Let's compare (for a ₹10 lakh Creta):
| Insurance Source | Premium (Comprehensive) | Claim Process | Benefits |
|---|---|---|---|
| Dealer's partner | ₹45,000 - ₹55,000 | Dealer assists with paperwork | Bundled with loan, instant processing |
| Acko / Digit (online) | ₹28,000 - ₹35,000 | Online claim, cashless garages | Cheaper by ₹15-20k |
| PolicyBazaar | ₹32,000 - ₹40,000 | Third-party assistance | Compare multiple insurers |
Savings by buying third-party insurance: ₹15,000 - ₹20,000 in year 1.

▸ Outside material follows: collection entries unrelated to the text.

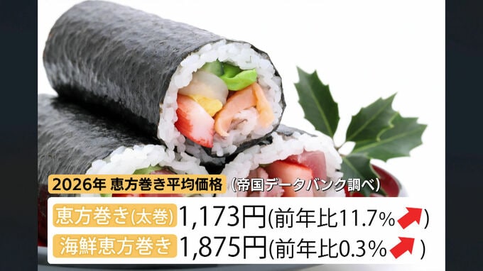 帝国データバンクによりますと、一般的な恵方巻きの平均価格は1173円で、2025年より11.7%値上がり。
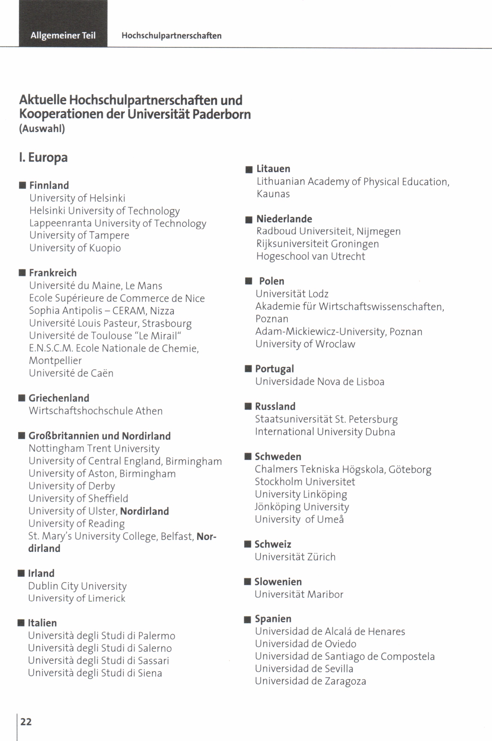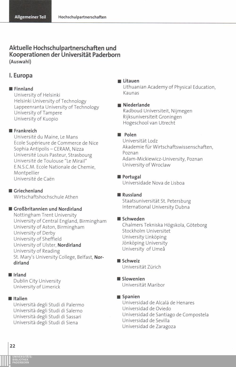 Aktuelle Hochschulpartnerschaften und Kooperationen der Universität Paderborn
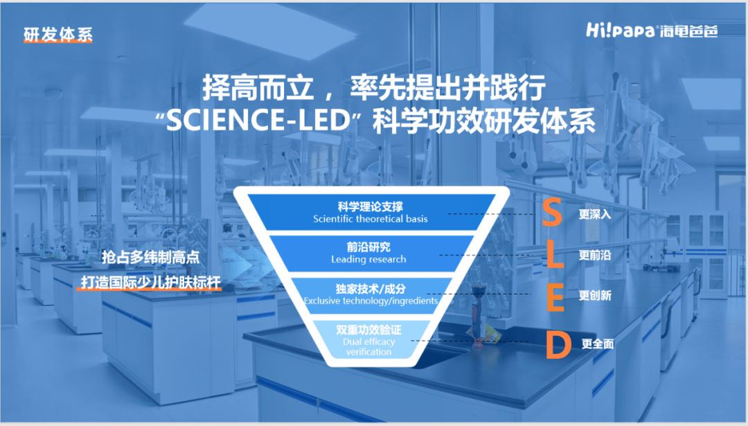 首先,重点剖析了海龟爸爸首创的“SCIENCE-LED”科学功效研发体系,该体系以少儿皮肤生理数据为核心,打破传统“成人配方降级”的粗放模式,建立从基础研究到产品落地的完整链路,并构建“基础研究-功效验证-产品落地”的闭环。
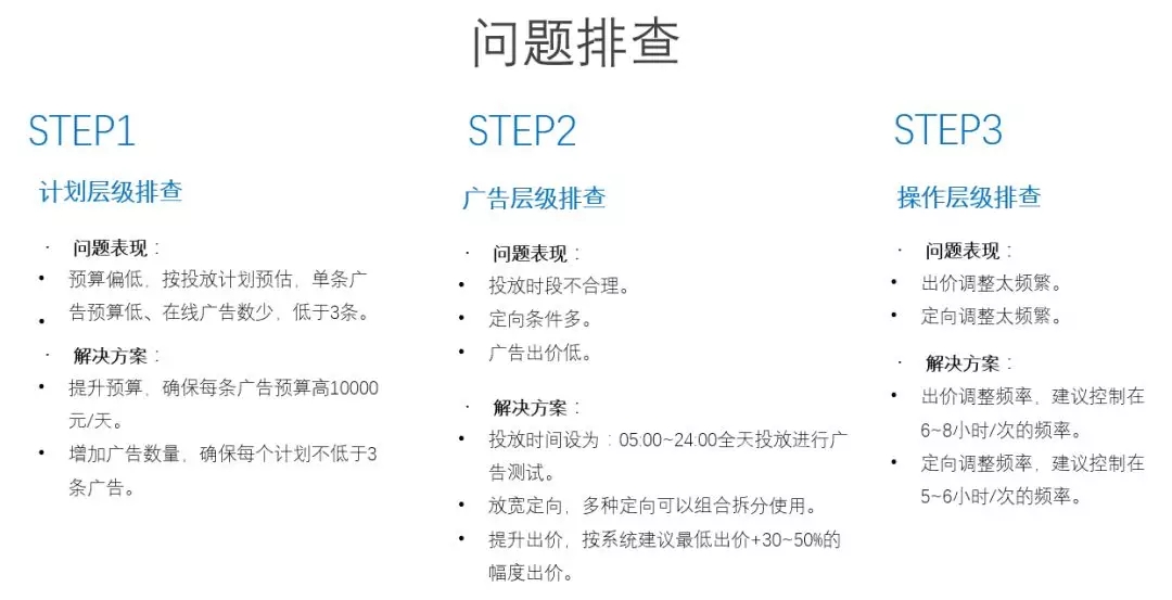 需要注意的是在數據分析的過程中,發現問題,對問題進行排查的過程中, 建議從三個層級入手:計劃層級排查、廣告層級排查、操作層級排查。示例如下

Over 5 years (assuming 5% annual increase in premium):
- Dealer insurance: ₹2.65 lakhs total
- Third-party insurance: ₹1.85 lakhs total
- You save: ₹80,000
But here's the trap dealers use:
"Sir, bank requires you to get insurance from approved partners only. Otherwise loan will be rejected."
That's a LIE.
What banks actually require:
- Comprehensive insurance (not third-party only)
- Bank listed as hypothecation holder (loss payee)
- Valid for full loan tenure
They DON'T require you to buy from dealer's partner. Any insurer that meets above criteria is fine.
What to do:
- Ask dealer for car proforma invoice (without insurance)
- Get loan approval separately (from SBI/HDFC directly)
- Buy insurance online from Acko/Digit
- Download policy, share with bank (they add hypothecation note)
- Pay loan EMI + pay insurance separately
Dealer will claim "package discount" requires bundling.
Counter-offer: "I'm paying full price for car. No discount needed. Just sell me the car without insurance."
They'll agree. Why? Because they still make ₹15-30k from loan commission.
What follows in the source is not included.